Qu'est ce qui vous a poussé à écrire cette biographie non officielle ?

Hanna Agostini : Quand on a travaillé pendant 8 ans avec quelqu'un qui se présente comme un chevalier blanc, comme le défenseur du consommateur, qu'on a soi-même adhéré à cette démarche et qu'on y a cru, et que l'on s'aperçoit qu'il y a un décalage entre son éthique affichée et la réalité, on se dit qu'il faut rétablir les choses. D'où ce livre, qui est le fruit d'une réflexion mûrie par plusieurs années d'expérience au cœur du monde viticole.

 

Comment avez-vous rencontré Robert Parker ?

J'ai rencontré Robert Parker en 1994-1995, quand il a demandé à mon époux qui est avocat de le défendre dans l'affaire Faiveley.

 

Avez-vous apprécié de travailler avec cet homme ?

Ce fût une expérience passionnante. Dire le contraire serait faux et injuste. Cela étant, pendant notre collaboration, j'ai été celle sur laquelle de nombreuses personnes n'osant s'attaquer au grand homme ont jugé bon de se défouler. Mais c'est la règle du jeu, je suppose.

 

Qu'avez-vous appris en travaillant avec Robert Parker ?

Paradoxalement, j'ai appris l'importance de l'information vraie qui est due au consommateur, et surtout qu'il fallait se montrer toujours plus exigeant dans ce domaine.

 

J'ai lu que vous étiez juriste, êtes-vous également œnologue ?

Non pas du tout, mais j'ai appris le vin "sur le tas". En fait, j'ai la passion du vin.

 

Quel est votre métier aujourd'hui ? Ecrivain, juriste ?

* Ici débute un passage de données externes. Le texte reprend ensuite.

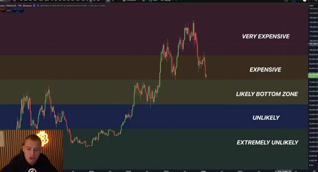 Aus technischer Sicht verweist er auf eine größere Konsolidierungsphase, in der Bitcoin schrittweise in niedrigere Preisbereiche abgleitet. Als relevante Zone für eine mögliche Bodenbildung nennt er einen Bereich zwischen 77.000 und 68.000 US Dollar. Innerhalb dieser Spanne plant er, Positionen sukzessive aufzubauen. Ein deutlich tieferer Rückgang unter 52.000 US Dollar wird zwar nicht ausgeschlossen, jedoch als wenig wahrscheinlich eingestuft. Erst unterhalb dieser Marke würde aus seiner Sicht ein Szenario eintreten, das eine außergewöhnlich aggressive Positionierung rechtfertigt.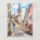 This postcard offers a lovely whimsical illustration representing the streets of the lake town of Hallstatt, Austria. It is a great postcard for travelers to Austria's magical destinations.

Les deux - et je traduis aussi des ouvrages.

 

 
Photo © Cécile Genest / L'Internaute Magazine
 
"Pour certaines personnes, Parker est un tabou et il ne faut pas en parler"

Qu'attendez-vous comme réaction à la sortie de votre livre ?

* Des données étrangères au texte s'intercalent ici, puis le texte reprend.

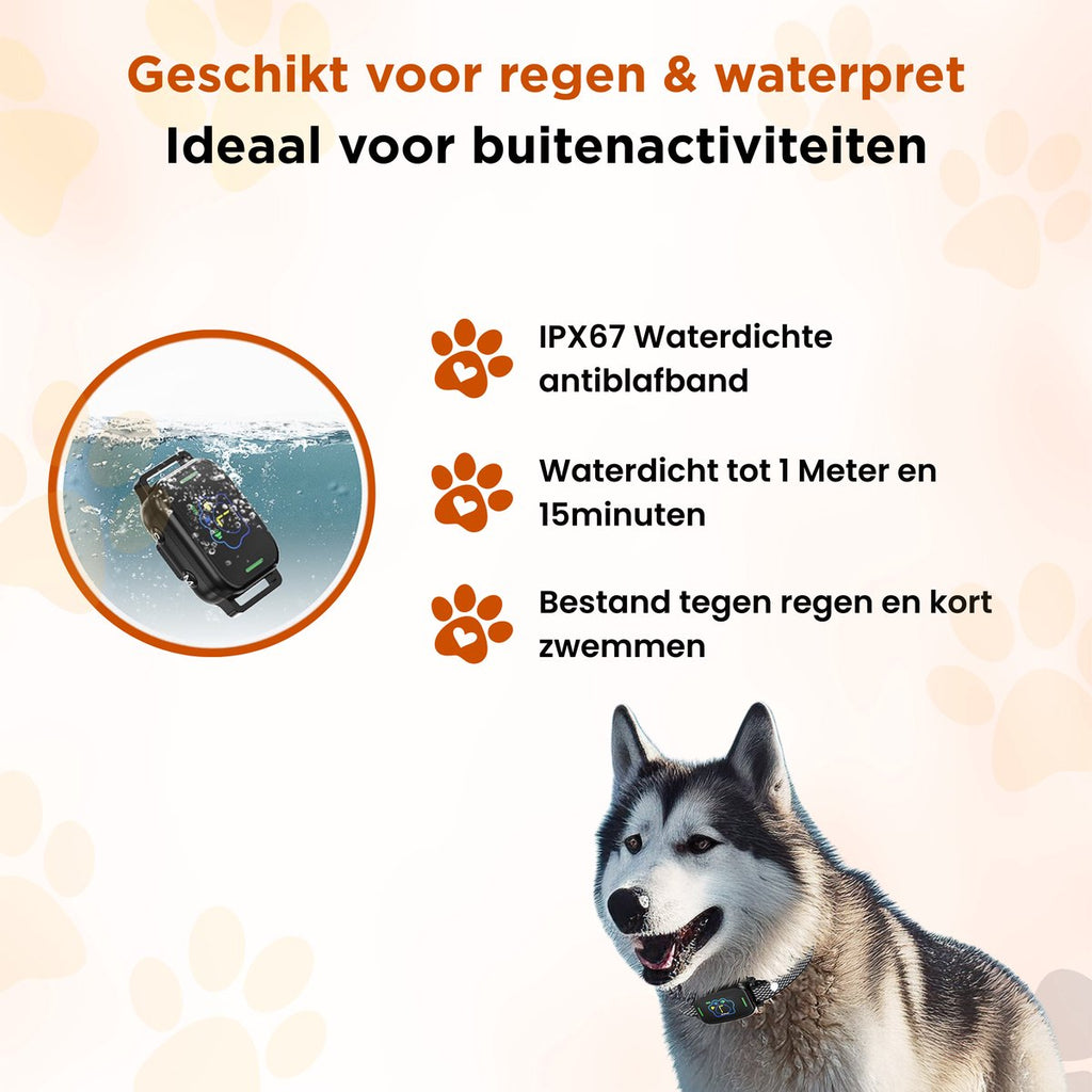 De band is volledig waterdicht (IPX7) en daardoor geschikt voor regen, modder en dagelijkse wandelingen. Met de verstelbare halsband tot 70 cm is hij comfortabel te dragen voor honden vanaf circa 10 kg. De oplaadbare USB-C batterij gaat tot wel 20 uur mee en dankzij de automatische pauzefunctie wordt overstimulatie voorkomen.

J'ai déjà eu des réactions, entre autres un procès - que j'ai gagné. J'ai également eu la (bonne surprise) de recevoir des encouragements de nombreuses personnes qui pensent qu'il était temps que certaines choses - aussi bien positives que négatives, fussent dites. Et bien sûr, il y a ceux qui dénigrent l'ouvrage sans même l'avoir lu.

 

Ne craignez-vous pas d'être "grillée" dans le métier ?

Quand on prend le parti de dire les choses, on s'expose forcément. Après c'est une question de rigueur intellectuelle : est-ce mieux de se taire, ce qui est une forme de lâcheté, ou de dire ce qui doit l'être, au risque de déranger. J'espère seulement qu'il y aura des gens qui prendront ce livre pour ce qu'il est : c'est-à-dire un exposé documenté et étayé, qui ne fait que mettre l'accent sur ce qui se sait déjà.

 

Avez-vous eu des doutes avant la publication ?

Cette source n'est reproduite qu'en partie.